The weekend after the election, about 60 marijuana activists gather in a University of Missouri-Columbia auditorium for the 2016 Missouri Cannabis Conference. The atmosphere is tinged by the bitterness of defeat. There had been time, months ago, when these attendees had assumed the conference would be victory lap commemorating the state's brand-new medical marijuana law.
Instead, the conference has become a wake.
During a panel discussion assembled to dissect the missteps of New Approach initiative, John Payne fields the question burning in everyone's mind: Why did we fail?
"There were two clear factors," Payne says. First was the matter of timing. New Approach had initially targeted September 2015 to begin collecting signatures, but the group had gotten tangled up in negotiations with a potential donor, a wealthy lawyer named Brad Bradshaw. According to Payne, Bradshaw wanted steep taxes on retail sales of medical marijuana, something New Approach's organizers found unacceptable.
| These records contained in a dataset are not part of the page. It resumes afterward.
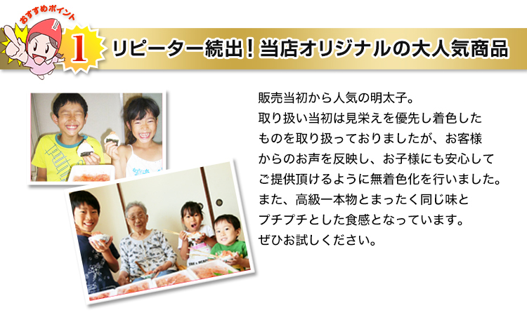 この明太子は、博多の大手老舗メーカーに製造を依頼している、れっきとした「匠本舗オリジナル品」。
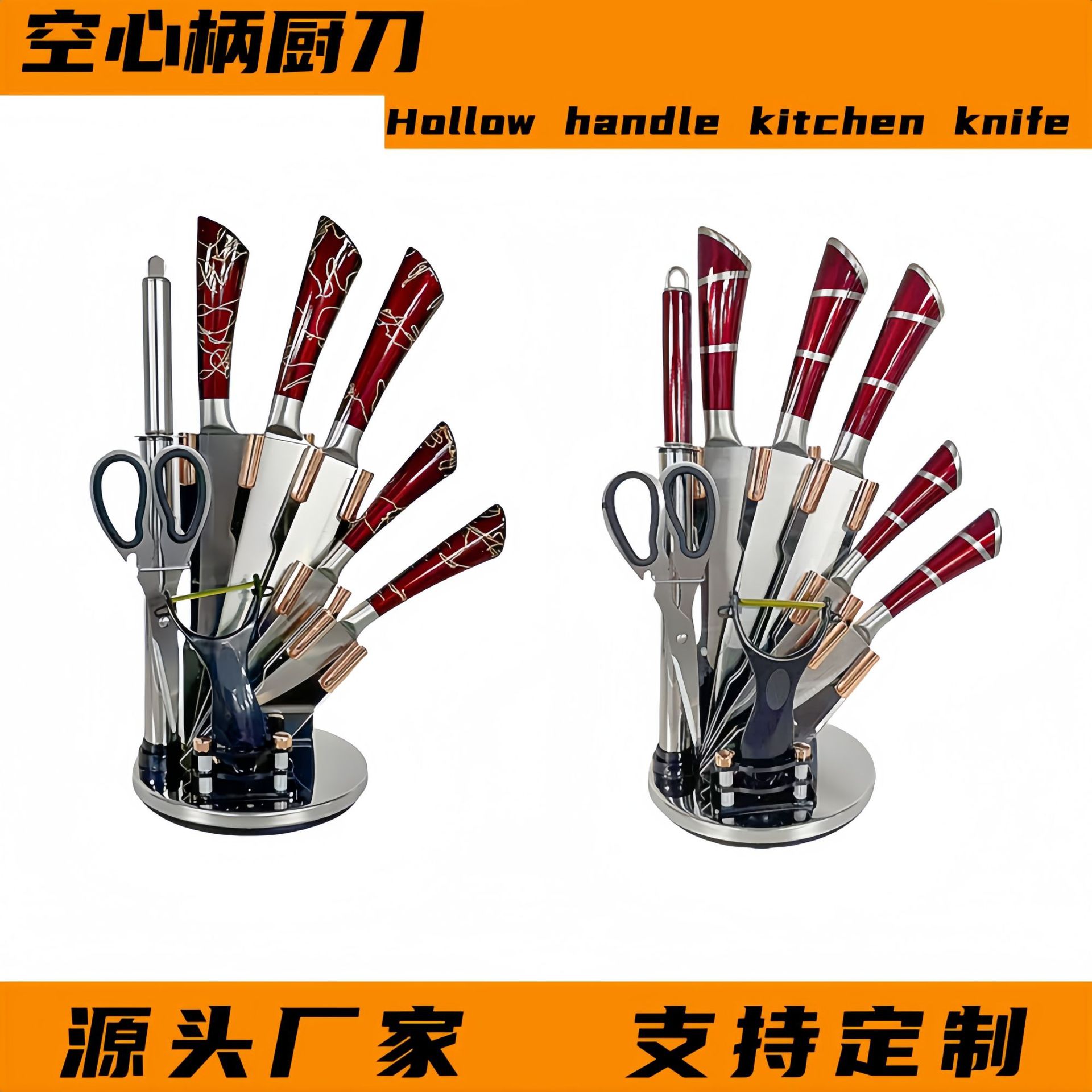 工厂电商外贸跨境批发彩色空心柄不锈钢八件套刀礼品盒包装
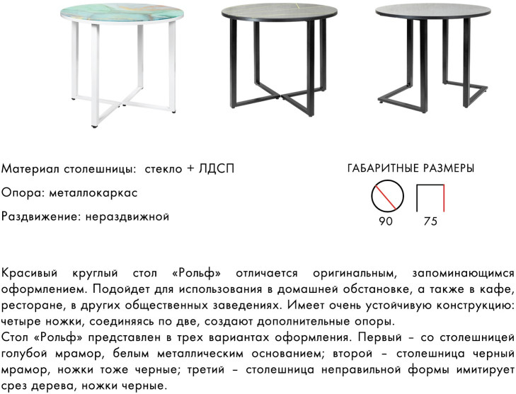 - Стол Рольф 900 круглый черный мрамор
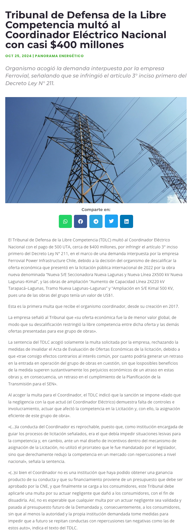TDLC concluye que Coordinador Eléctrico restringió la competencia en licitación de obras de transmisión y lo multa por su “actuar negligente” - (Diario Financiero)
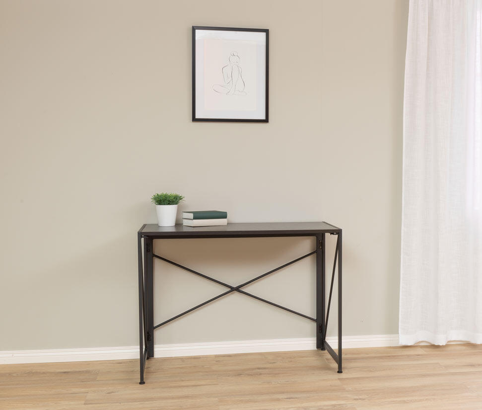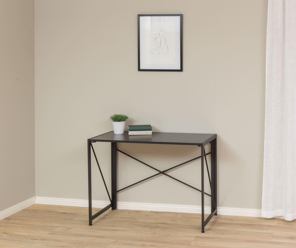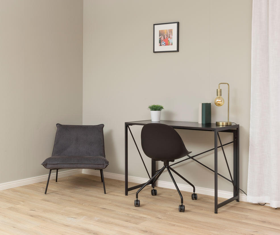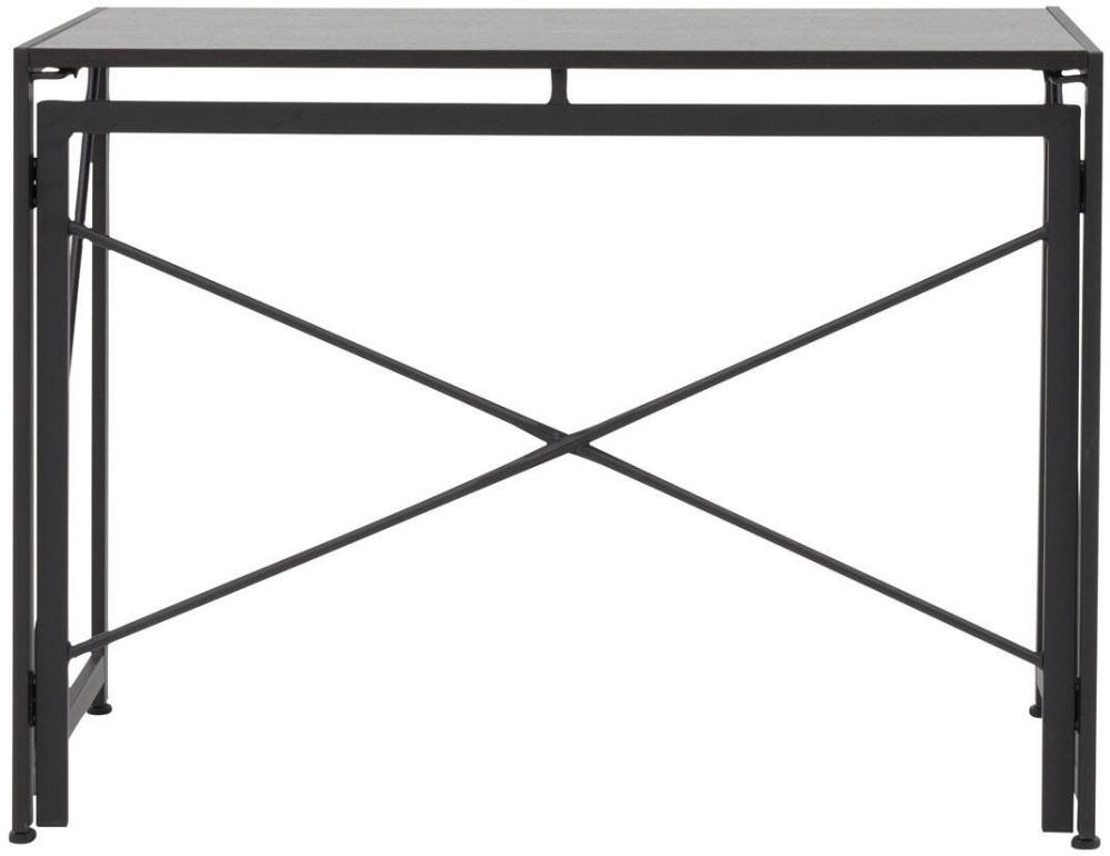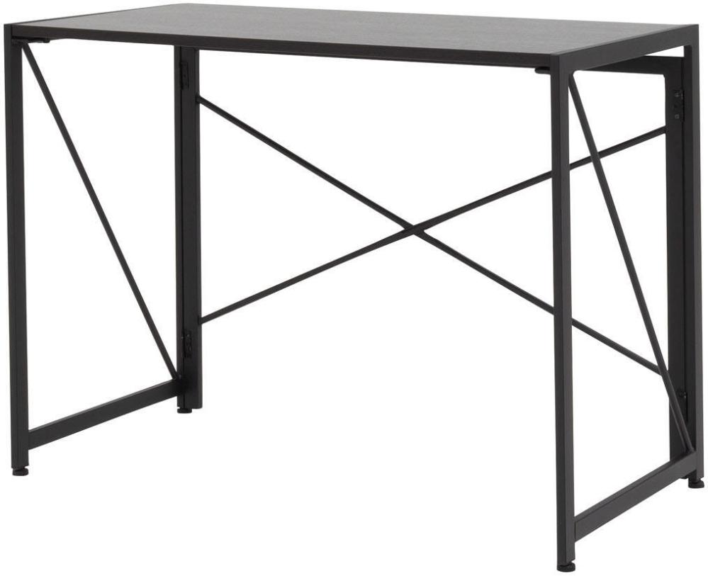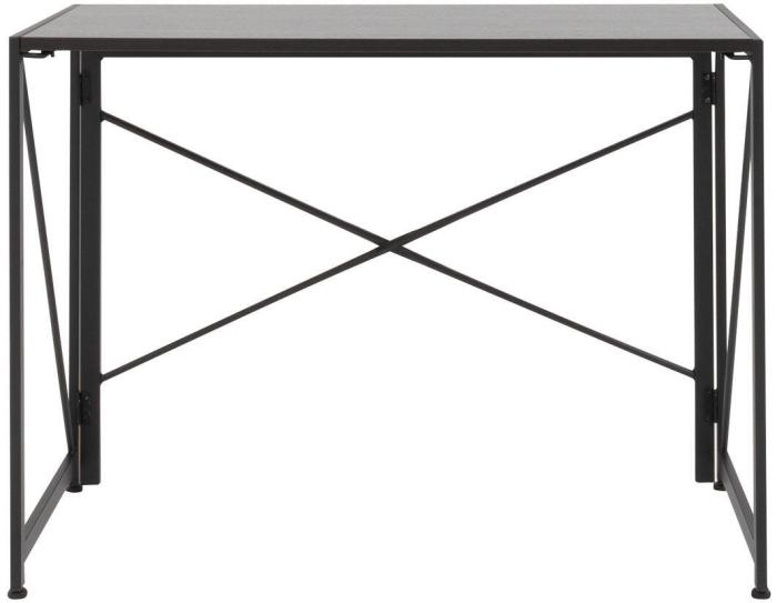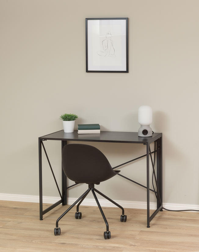 Kontorsbordet Fold har svarta pulverlackerade metallben och en robust bordsskiva av svart askfanér.
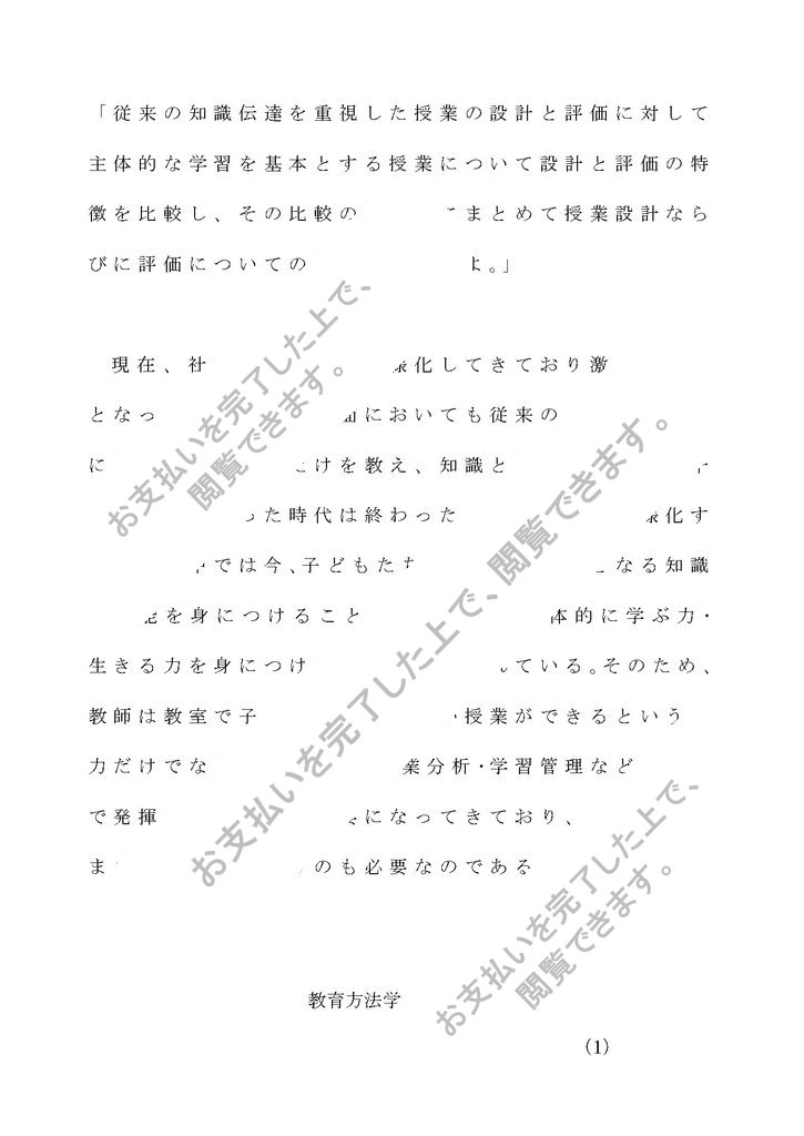 「従来の知識伝達を重視した授業の設計と評価に対して主体的な学習を基本とする授業について設計と評価の特徴を比較し、その比較の視点毎にまとめて授業設計ならびに評価についての留意点を述べよ。」
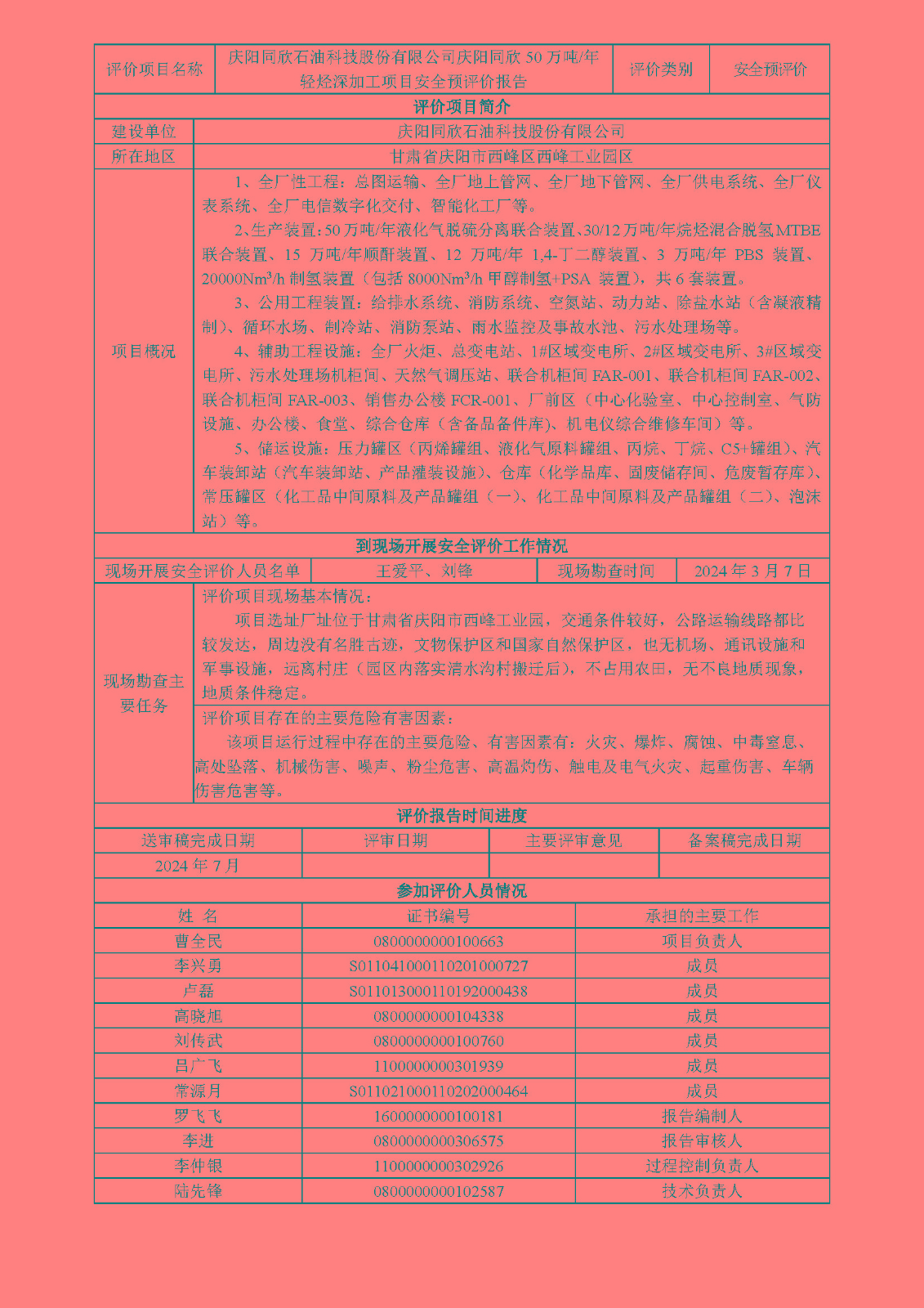 慶陽(yáng)同欣石油科技股份有限公司慶陽(yáng)同欣50萬(wàn)噸/年輕烴深加工項(xiàng)目安全預(yù)評(píng)價(jià)報(bào)告
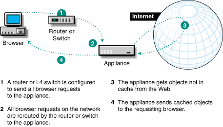 Another method for accelerating content delivery to browsers is to configure a router or switch on the network to route all HTTP traffic to a transparent proxy service you have set up on the appliance.
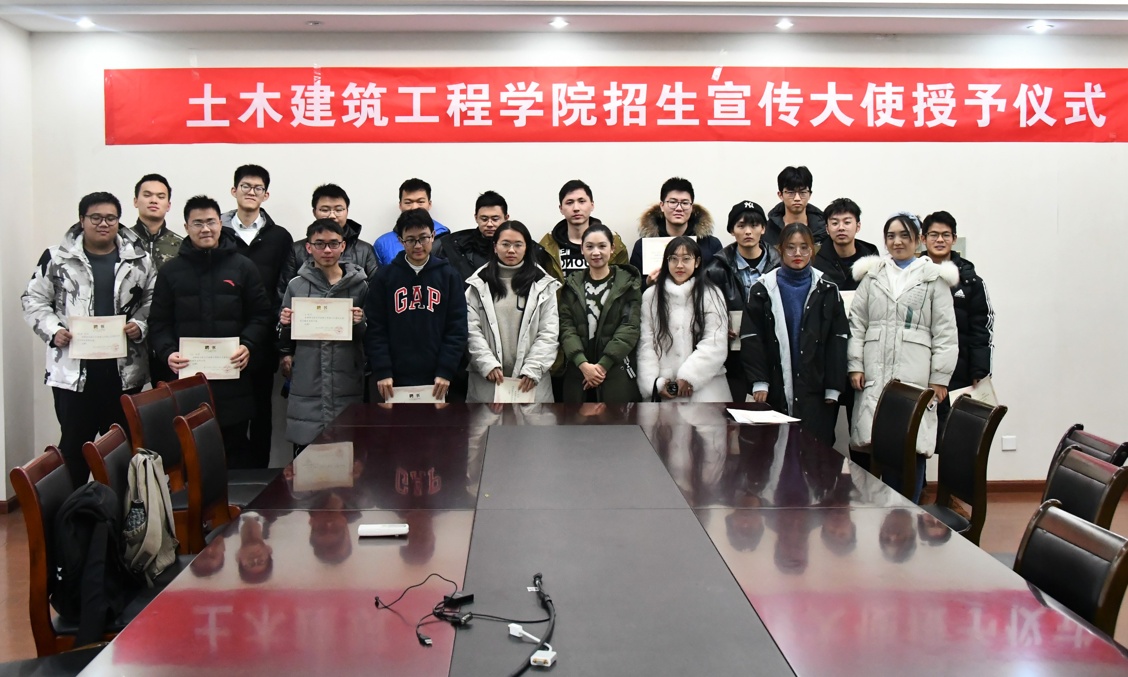 土建学院党委副书记韩晶晶老师讲话,阐述了招生宣传大使今后的工作内容、主要负责地区,强调了招生宣传工作重点,指导同学们要针对符合我们学校录取分数段的学生进行重点宣传和引导。最后,韩老师为每一位宣传人员颁发了聘书并合影留念。
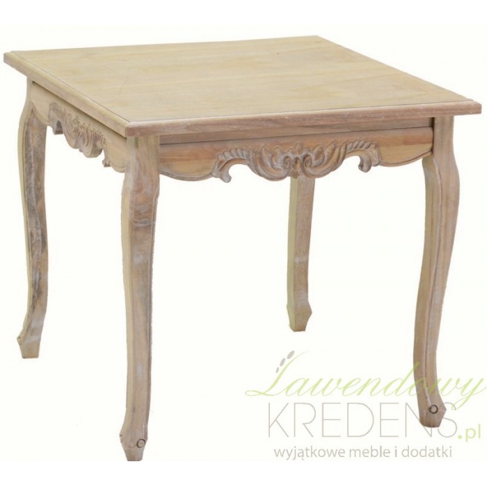 Piękne meble bielone w stylu prowansalskim to finezyjne zdobienia, najlepsza jakość wykonania i charakterystyczne usłojenie. Reprezentantem prowansalskiego stylu w salonie jest kwadratowy, bielony stół prowansalski o jasno-brązowym blacie z lekko wygiętymi nóżkami oraz przepięknym rzeźbieniem pod blatem. Zobacz inne meble bielone- zapraszamy!

The two sides never found a middle ground, but the delay kept New Approach from filing its initiative until November 2015, and signature collection didn't begin until late January 2016.
"That lost us two months of signature gathering time," Payne tells the audience. "If we had had that extra two months, I have absolutely no doubt that we would have been able to qualify for the ballot."
The other factor, of course, was that signature collectors bungled their jobs by over-collecting in District 1, putting District 2 deep into the red before the deadline.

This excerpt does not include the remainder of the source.